Property-based testing
Specify invariants the output must always satisfy, then generate many inputs automatically and check the invariant on each.
Published June 26, 2026
How it works
Rather than hand-writing examples, you declare properties ('output is valid JSON matching the schema', 'the sum equals the total', 'no field is null') and let a generator hammer the system. It scales coverage far beyond manual cases and shrinks failures to minimal reproductions.
When to use it
Structured output, tool/function calling, anything with checkable invariants.
Limitations
Only as good as the properties you state; semantic correctness often can't be captured as a simple invariant.
Method yield
- Findings
- 6
- Versions spanned
- 7
- Yield score
- 17
Severity-weighted across the published findings below. Why we measure this →
Findings it surfaces (6)
Documented failures this method catches — the evidence it works.
- Errors in multi-digit arithmeticMedium
Without tool use, models make systematic errors on multi-digit multiplication and long arithmetic.
How it found it: Invariant a*b == b*a and known products fail.
Reasoning - Date and duration arithmetic errorsLow
Models miscompute differences between dates, weekdays, and durations across boundaries like months and leap years.

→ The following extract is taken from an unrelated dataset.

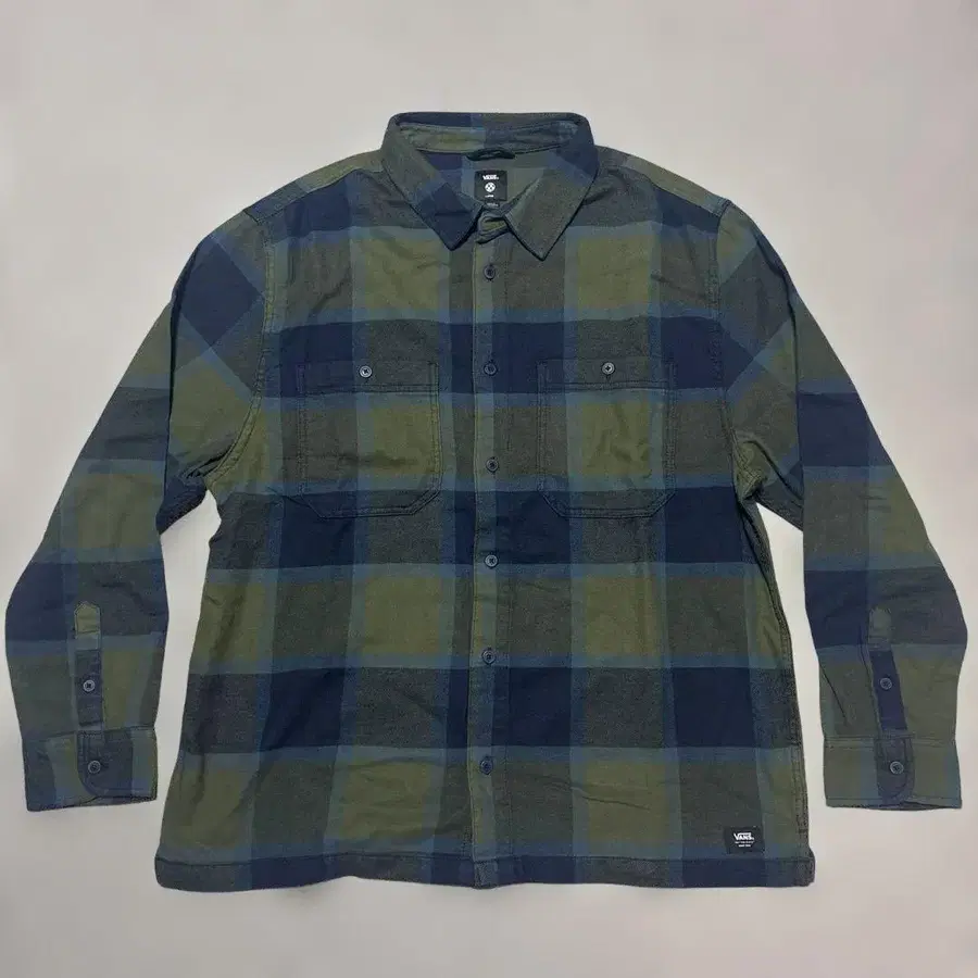VANS 긴팔 플란넬 셔츠 올리브 그린 x 네이비

How it found it: Generate date pairs; check against a real date library.
Reasoning - Miscounting items in long listsLow
Counts of items, occurrences, or matches in long inputs drift as list length grows.
Reasoning - Format-constraint violations under strict schemasMedium
Asked for strictly-formatted output (e.g. JSON to a schema), models emit invalid or extra content.
How it found it: Validate every output against the JSON schema.
Tool use - Hallucinated tool/function argumentsHigh
When calling tools, models invent argument values or call functions that weren't provided.
How it found it: Assert args satisfy the tool's schema and exist.
Tool use - Reasoning model regresses on tool use versus its base modelMedium
DeepSeek-R1 falls short of the base DeepSeek-V3 on function calling, multi-turn, complex role-play and JSON output — a reasoning-tuned model trading away tool-use reliability, later restored in R1-0528.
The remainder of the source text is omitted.